While we witness first hand the results of the BCI's work to be positive and tangible, there is much still to be accomplished. At the village Luke, Phil, Michael and I take turns speaking through an interpreter to a packed public meeting with eight chiefs and around 200 villagers. We try to address their concerns that they should continue to benefit from any help coming to the area, not just bonobos. We realise that more vital work and funds are needed to build on the community participation in bonobo conservation already so admirably set in motion by the BCI.
We spend a full week with the trackers. We observe, absorb and film the bonobos, at times only a dozen or so metres away. Each of us are moved, not from just our own watching, but the feeling also of being watched curiously by another conscious being.
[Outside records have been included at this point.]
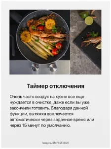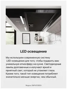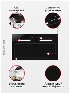 Инновационная технология управления жестами во встраиваемой вытяжке OMP6553BGH предотвращает появления загрязнений от пальцев на глянцевой поверхности, а высокая производительность 500 кубометров в час позволяет тщательно и быстро очистить воздух в кухнях большой площади. Если настраивать вытяжку жестами не очень привычно, то можно воспользоваться сенсорным управление для изменения мощности и включения яркой LED подсветки.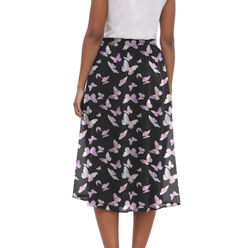 HOT ! Rvidbe Long Skirts for Women - Floral Butterfly Printed Drawstring High Waited Pleat Skirt Fall Casual Vacation A Line Skirts
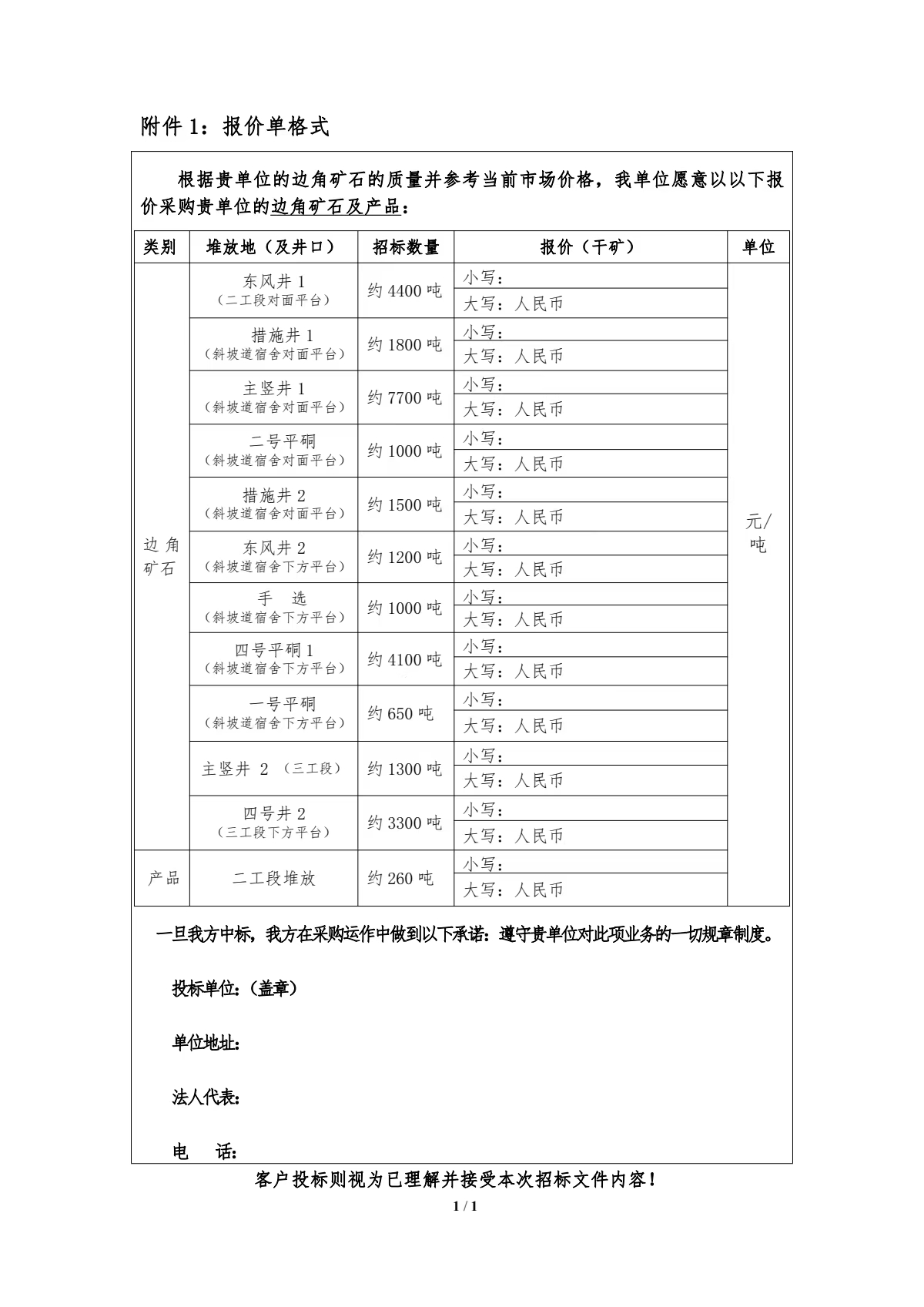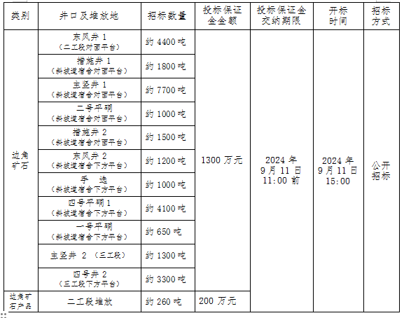 注:本次招标产品数量为预估数,投标按干矿报价,中标结算湿矿以实际过磅数为准,水分按2%扣除计算干矿;边角矿石产品水分由中标人及我公司相关科室、车间人员现场取样、我公司化验的水分数据为准。如中标人需要,我公司开具甘肃省增值税普通发票(黄金)。
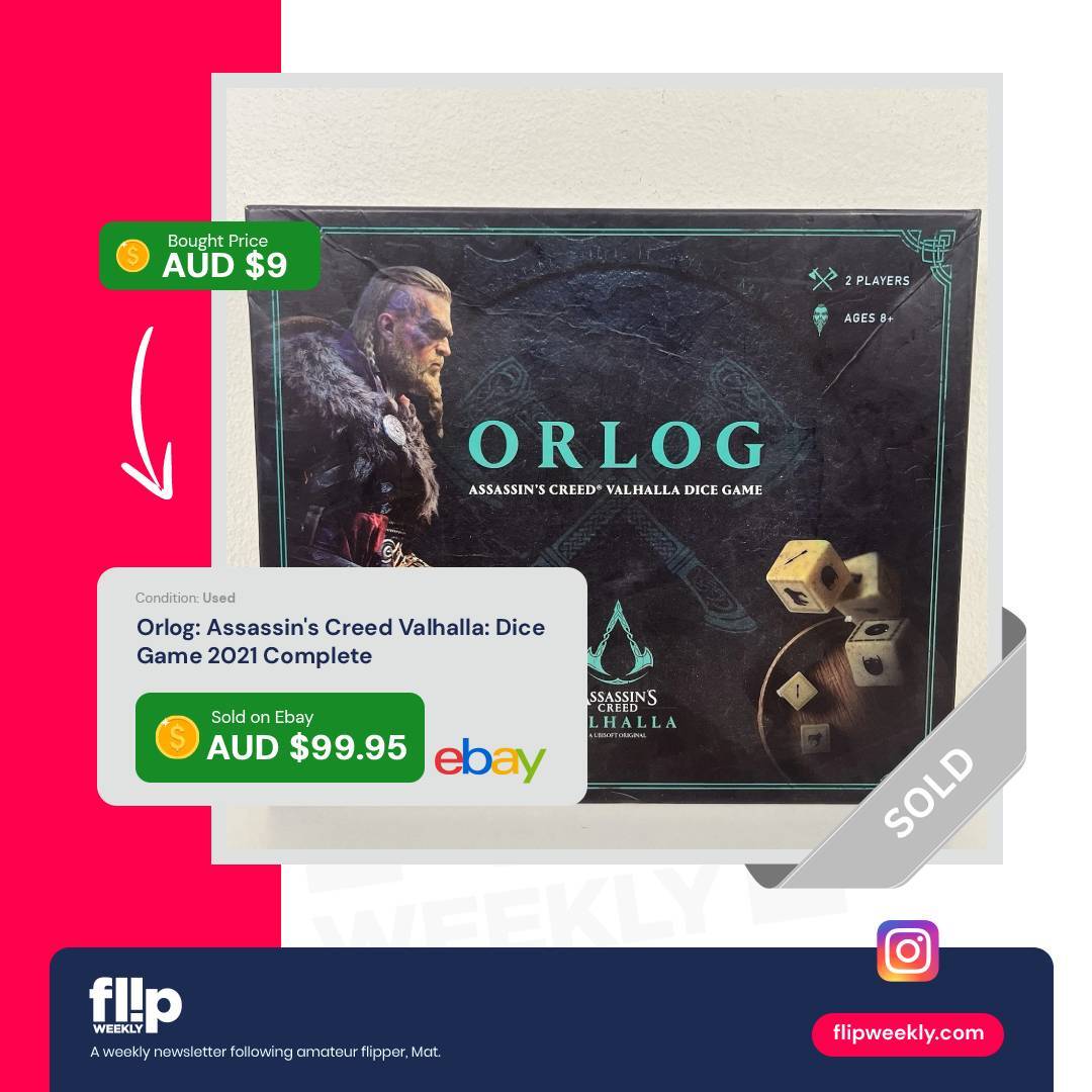 It’s a board game called Orlog, an Assassins’s Creed dice game. Assassin’s Creed is a hugely popular video game and it caught my eye in the same way video games would catch your eye in an op shop. Priced at $9, it had very few copies available on eBay Australia (just 1 at the time of publishing) yet multiple sold giving it a high sell through rate. It’s out the door in around 60 days and a profit of approximately $60.
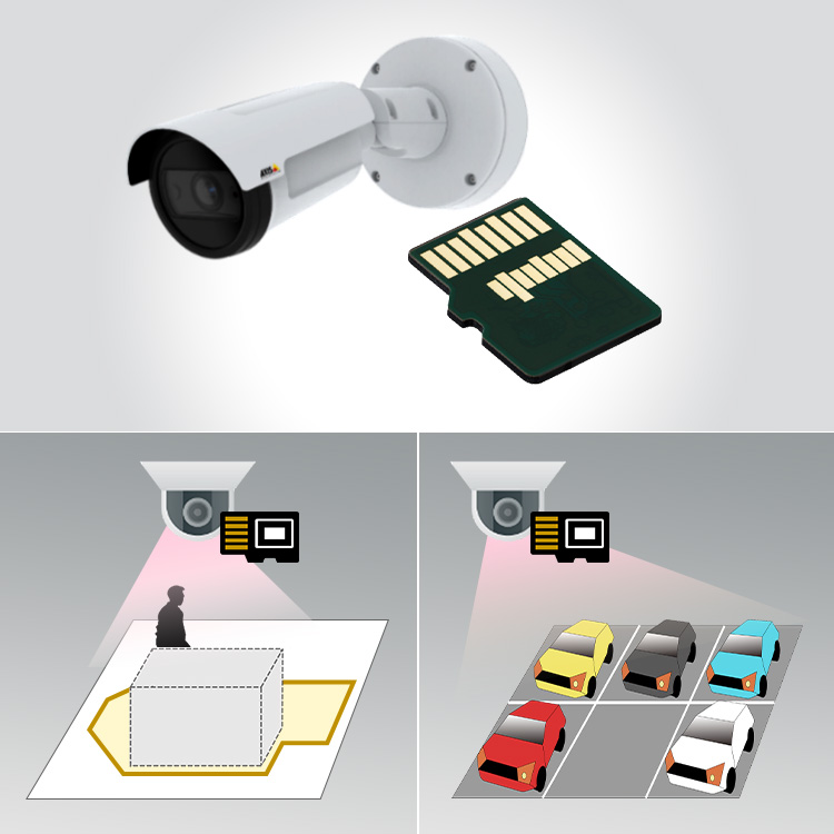 対象のアクシス製カメラ本体のmicroカードスロットに挿入し、専用映像解析アプリケーションをインストールすることで、AIを活用した映像解析を容易に実現。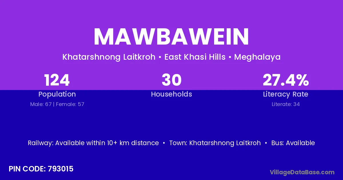 Mawbawein village has a total population of 124 people, of which 67 are males and 57 are females.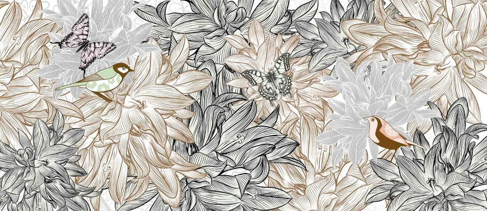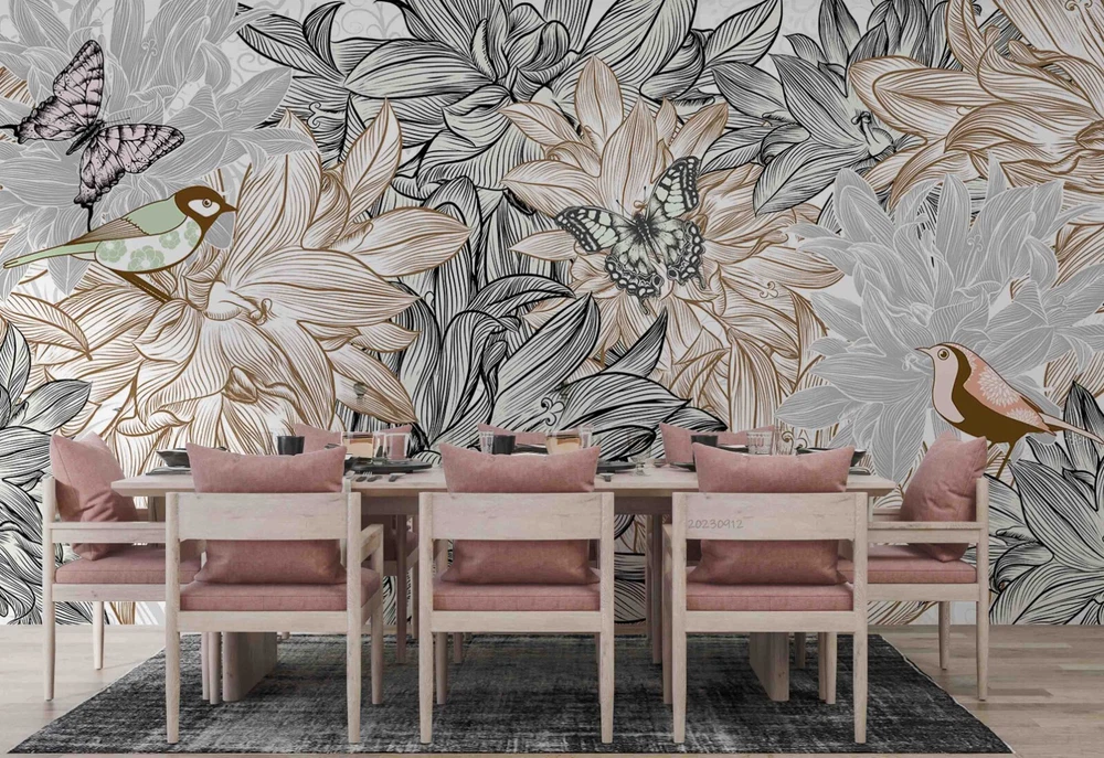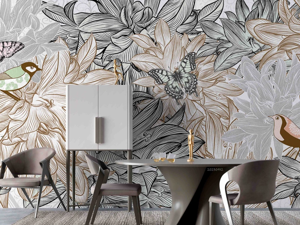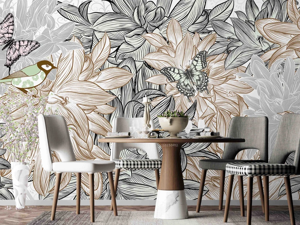 3D Hand Drawn Floral Bird Wall Murals Wallpaper Murals Wall Sticker

When a bonobo, from short range, looks you in the eye it is like holding up a mirror to humanity's own collective past. You are pervaded with the notion of not just knowing, but of somehow being known ... a connection, a commune however tenuous, with our own heritage -- a common ancestor 7 million years old -- and a sacred contract of trust once known between humans and the natural world that now largely lies breached and barely remembered.
One day, the bonobos having proved too fast to keep up with, Phil startles me with a tap on the shoulder while we're resting for lunch. I turn to see him pointing excitedly to a movement in the undergrowth no more than 15 metres away. We'd stopped tracking for 10 minutes or so, and an adult bonobo had returned as if to check on us. What makes Phil's sighting all the more striking was that the bonobo was walking past on two legs in waist high undergrowth, looking over his shoulder directly at Phil. So stunned and incredulous was he that initially Phil couldn't speak. He explains later that his first thought was that the bonobo was one of our trackers walking off into the forest to take a leak.
The frequent preference of bonobos for upright locomotion is yet another of their amazing attributes. It used to be thought that humans only began to walk upright when we left the forests for the savannah. Increased knowledge of bonobos extinguished that theory. The angle and alignment of the bonobo hip structure matches almost exactly that of our own two million year old ancestor, Australopithecus afarensis.
Perhaps of even greater significance to the essence of bonobo society than their sexual proclivities and bipedal capacity is the tenderness with which they nurture their young. Juveniles, even once weaned, will sometimes continue suckling until the age of six. Bonobo males remain deferential to their mothers for life, and derive their rank from where mum sits in the hierarchy.